Concomitant loss of TET2 and TET3 results in T cell expansion and genomic instability

TET proteins are tumor suppressors that through their catalytic activity oxidize 5-methylcytosine to 5-hydroxymethylcytosine, to promote DNA demethylation and to regulate gene expression. Notably, TET2 is the second most frequently mutated gene in hematological malignancies, including T cell lymphomas. However, murine models with deletion of TET2 do not exhibit T cell expansion, presumably due to redundancy with other members of the TET family of proteins. In order to gain insight on the TET mediated molecular events that safeguard T cells from aberrant proliferation we performed serial adoptive transfers of murine CD4 T cells that lack concomitantly TET2 and TET3 to fully immunocompetent congenic mice. Our data reveal a progressive acquisition of malignant traits upon loss of TET2 and TET3 that is characterized by loss of genomic integrity, acquisition of aneuploidy and upregulation of the protooncogene Myc. In this report, we aim to decipher the impact of TET proteins in controlling in vivo proliferation of peripheral T cells. We employ adoptive transfer of Tet2/3 DKO T cells and we discover that Tet2/3 DKO CD4 cells exhibit upregulation of cell cycle genes upon serial transplantation. This altered gene expression program endows Tet2/3 DKO CD4 cells with increased proliferative capacity and acquisition of malignant traits, such as oligoclonal expansion and chromosomal copy number (CCN) variations, resulting in aggressive lymphoproliferative disorders. In addition, we demonstrate that as the TET deficient cells acquire a hyperproliferative profile they can expand remarkably fast, within 10 days, in recipient mice. During this rapid expansion of transplanted Tet2/3 DKO T cells, by employing an unbiased, single cell transcriptomic approach, we reveal that while the immune environment of the host mice becomes rapidly activated, it fails to annihilate the expansion of the donor T cells.

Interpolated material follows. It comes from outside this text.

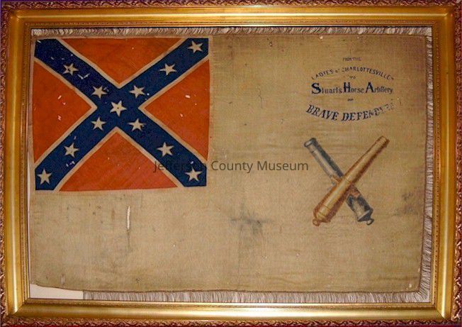 Second National Flag of Confederacy given to Stuart's Horse Artillery after the battle of Rio Hill near Charlottesville, Virginia. Gold fringe around flag. In top right corner above crossed cannons "FROM THE LADIES of CHARLOTTESVILLE, VA. TO Stuart's Horse Artillery OUR 'BRAVE DEFENDERS' ". In ornate gold leaf frame.Acquisition

TET蛋白（TET proteins）是一类肿瘤抑制因子，其通过催化活性将5-甲基胞嘧啶氧化为5-羟甲基胞嘧啶，从而促进DNA去甲基化并调控基因表达。值得注意的是，TET2是血液系统恶性肿瘤（包括T细胞淋巴瘤）中第二常见的突变基因。然而，仅敲除TET2的小鼠模型并未出现T细胞扩增现象，推测这可能与TET家族其他蛋白的功能冗余有关。为深入解析TET蛋白介导的、保护T细胞免于异常增殖的分子事件，我们对同时缺失TET2与TET3的小鼠CD4 T细胞开展连续过继转移实验，将其输注至完全免疫健全的同系受体小鼠体内。我们的研究数据显示，在同时缺失TET2与TET3后，细胞会逐步获得恶性表型，具体表现为基因组完整性丧失、非整倍体形成以及原癌基因Myc的表达上调。本研究旨在阐明TET蛋白在调控外周T细胞体内增殖过程中的作用。我们采用Tet2/3双敲除（DKO）T细胞的过继转移模型，发现经连续移植后，Tet2/3 DKO CD4 T细胞的细胞周期相关基因表达出现上调。这种异常的基因表达程序赋予Tet2/3 DKO CD4 T细胞更强的增殖能力，并使其获得恶性特征，包括寡克隆扩增与染色体拷贝数（CCN）变异，最终引发侵袭性淋巴增殖性疾病。此外，我们证实，当TET缺陷细胞获得高增殖表型后，可在受体小鼠体内于10天内快速扩增。在移植后的Tet2/3 DKO T细胞快速扩增阶段，我们通过无偏倚单细胞转录组学方法开展分析，结果显示尽管受体小鼠的免疫微环境被快速激活，但仍无法清除供体T细胞的扩增。